The Gradient Descent offers an iterative method to solve linear models. However, there is a traditional and direct way of solving it called as **normal equations**. In normal equations, you build a matrix where each record of observation becomes a row (`m`

rows) and each feature becomes a column. You prefix an additional column to represent the constant (`n+1`

columns). This matrix, represented as `X`

is of dimension `m x (n+1)`

. You represent the response variable as a vector `y`

of dimension `m x 1`

.

The formula to calculate the optimal coefficients is given by $\theta = (X^{T}X)^{-1}X^{T}y$. Where $\theta$ is a vector of shape `n+1`

containing $[\theta_{0}, \theta_{1} … \theta_{n}]$.

### Caveats when applying analytical technique¶

- In the analytical, normal equation method, there is no iteration to arrive at optimal $\theta$. You simply calculate it.
- You do not have to scale features. It is ok to have them in their native dimensions.
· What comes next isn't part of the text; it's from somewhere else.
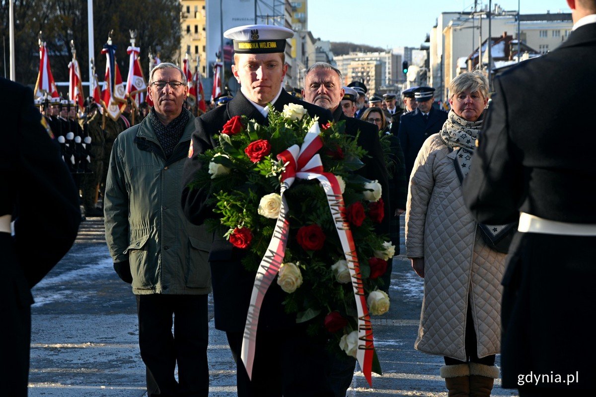 28 listopada 1918 roku marszałek Józef Piłsudski wydał dekret, w którym rozkazał utworzyć Marynarkę Wojenną. Mija 105 lat od tego ważnego wydarzenia. Z tej okazji w Gdyni odbyły się oficjalne uroczystości. Podczas nich poświęcono krzyż przy Kwaterze Pamięci na cmentarzu Marynarki Wojennej, co symbolicznie zakończyło proces powstawania tego ważnego miejsca, które przypomina o bohaterstwie polskich żołnierzy i marynarzy. Marynarka Wojenna od 105 lat broni interesów państwa i stoi na straży morskich granic Rzeczypospolitej Polskiej. Święto tej formacji przypada 28 listopada. Z tej okazji w Gdyni zorganizowano oficjalne uroczystości. Obchody rozpoczęły się po południu w poniedziałek, 27 listopada od uroczystego capstrzyku przy Kwaterze Pamięci na cmentarzu Marynarki Wojennej. To miejsce symboliczne – poświęcone pamięci polskich marynarzy. Podczas uroczystości poświęcono krzyż, który ma nawiązywać do masztu na statku czy okręcie. Ten akt zwieńczył realizację tej inwestycji. – Kto nie szanuje i nie ceni swojej przeszłości, ten nie jest godzien szacunku, teraźniejszości, ani prawa do przyszłości. Te słowa marszałka Józefa Piłsudskiego były, są i będą naszym drogowskazem. Stojąc dzisiaj przy Kwaterze Pamięci Cmentarza Marynarki Wojennej pragniemy oddać hołd wszystkim naszym poprzednikom, bohaterom naszej trudnej historii. To w tym miejscu są pochowani ludzie, którzy oddali młode lata swojego życia na tworzenie obecnej Marynarki Wojennej. Dziś to my wypełniamy te zobowiązania i staramy się godnie kontynuować rozpoczęte przez nich dzieło. Pragnę podziękować wszystkim, którzy przyczynili się do powstania tak godnego miejsca poświęconego pamięci polskich marynarzy – mówił podczas uroczystości wiceadm. Jarosław Ziemiański, inspektor Marynarki Wojennej.– Dzisiejsza uroczystość kończy proces powstawania Kwatery Pamięci. Poświęcenie krzyża symbolicznie zamyka drogę, którą podjęliśmy jako współczesne pokolenie, wykonując testament i ostatnią wolę admirała Unruga. Bardzo się cieszę, że Gdynia po raz kolejny udowadnia, że myślimy o nowoczesności i o przyszłości, a także z dumą patrzymy na historię naszego miasta i Marynarki Wojennej. Niech ta kwatera pamięci zawsze przypomina o bohaterstwie żołnierza polskiego, polskiego marynarza – mówi Wojciech Szczurek, prezydent Gdyni. Podczas popołudniowych obchodów nie zabrakło apelu pamięci, a także wybrzmiała salwa honorowa. Jednym z punktów była też ceremonia otwarcia wystawy Instytutu Pamięci Narodowej w Gdańsku. Na koniec uczestnicy uroczystości złożyli kwiaty przed Kwaterą Pamięci.Jacek Siewiera - szef BBN, prezydent Gdyni Wojciech Szczurek i wiceadm. Krzysztof Jaworski - dowódca Centrum Operacji Morskich - dowódca Komponentu Morskiego podczas capstrzyku z okazji 105. rocznicy utworzenia Marynarki Wojennej // fot. Mirosław PieślakWtorek, 28 listopada to kolejny dzień obchodów. Rano podniesiono wielką galę banderową na okrętach Marynarki Wojennej. Potem w Kościele Garnizonowym Marynarki Wojennej odbyła się msza święta w intencji Marynarki Wojennej.Główne uroczystości zorganizowano przed pomnikiem Polski Morskiej. Odbył się tam uroczysty apel, w którym wzięli udział m.in. samorządowcy, przedstawiciele Marynarki Wojennej i służb mundurowych, a także mieszkańcy. Rozpoczęło go odegranie hymnu narodowego z jednoczesnym podniesieniem flagi państwowej na maszt. Następnie z pokładu ORP „Błyskawicy” oddano świąteczny salut armatni. Potem wręczono odznaczenia wyróżniającym się żołnierzom. Nie zabrakło też życzeń dla marynarzy. – W tę ważną rocznicę chcę podziękować marynarskiej rodzinie za codzienną służbę, stawianie czoła wszelkim wyzwaniom i szybkie reagowanie w sytuacjach kryzysowych. Życzę całej kadrze Marynarki Wojennej, personelowi, pracownikom resortu obrony narodowej, a także miłośnikom bezkresu morza kolejnych lat pełnienia służby i wszelkiej pomyślności – mówił gen. broni Marek Sokołowski, dowódca generalny rodzajów sił zbrojnych.– Dzisiaj oddajemy hołd wszystkim bohaterom pięknie pisanej historii Marynarki Wojennej. Z okazji święta chciałbym życzyć wszystkim żołnierzom w marynarskich mundurach, by spełniły się ich aspiracje, proces modernizacji polskiej Marynarki Wojennej był kontynuowany, a polski marynarz pływał na najbardziej nowoczesnych okrętach, dając nam poczucie bezpieczeństwa i zabezpieczenia interesów gospodarczych Rzeczypospolitej. W imieniu społeczności Gdyni chciałbym wyrazić wielki szacunek i podziękowania żołnierzom za ich codzienną służbę – powiedział prezydent Gdyni. Kolejnym punktem było złożenie wiązanek kwiatów przed pomnikiem. Obchody zakończyła defilada Kompanii i Orkiestry Reprezentacyjnej Marynarki Wojennej.Defilada podczas uroczystości z okazji 105. rocznicy utworzenia Marynarki Wojennej // fot. Magdalena CzernekObchody były połączone z wernisażem wystawy „Koniec Odysei? Powroty do Ojczyzny drogą morską Gdynia-Gdańsk 1945-1948” przygotowanej przez gdański oddział Instytutu Pamięci Narodowej. Można ją oglądać na nabrzeżu Pomorskim. Na 18 panelach można się dowiedzieć więcej m.in. o: repatriacji ludności cywilnej, powrocie do Gdyni statków i okrętów czy żołnierzy. Galeria zdjęć Pobierz galerię Marynarze ze zniczami pamięci podczas uroczystego capstrzyku z okazji 105. rocznicy utworzenia Marynarki Wojennej // fot. Mirosław Pieślak Pobierz zdjęcie Przy mikrofonie: wiceadm. Jarosław Ziemiański - inspektor Marynarki Wojennej. W rzędzie(od lewej): Jacek Siewiera - szef BBN, Wojciech Szczurek - prezydent Gdyni i wiceadm. Krzysztof Jaworski - dowódca Centrum Operacji Morskich - dowódca Komponentu Morskiego // fot. Mirosław Pieślak Pobierz zdjęcie Prezydent Gdyni Wojciech Szczurek podczas capstrzyku z okazji 105. rocznicy utworzeni

### Guidelines for choosing between GD and Normal equation¶

- GD needs you to play with $\alpha$ (learning rate), while normal equation does not.
- GD is an iterative process, while normal eq is not.
- GD shines well when you have a
**large number of attributes / features / independent variables**. The order of GD is given by $O(kn^{2})$ for`n`

features. - Normal equation needs to invert a matrix which is an expensive operation. Its time complexity is given by $O(n^{3})$.
- If you have
`>10,000`

independent variables, or if the number of observations / rows is less than number of independent variables (`m < (n+1)`

), then normal equation not produce a matrix that is invertible. You are better off with Gradient Descent regression. - If you have highly correlated features (multi-collinearity) or when you have more features than observations, you might end up with a non-invertible matrix for the normal equation. In these cases, you can choose GD or you can delete some features or regularization techniques if you want to continue with normal equation.
- GD is an approximation technique, while normal equation is a deterministic approach. GD might settle in a local minima and not global minima. Although, for linear regressions, the shape of the loss function is such that there is no local but only a global minima.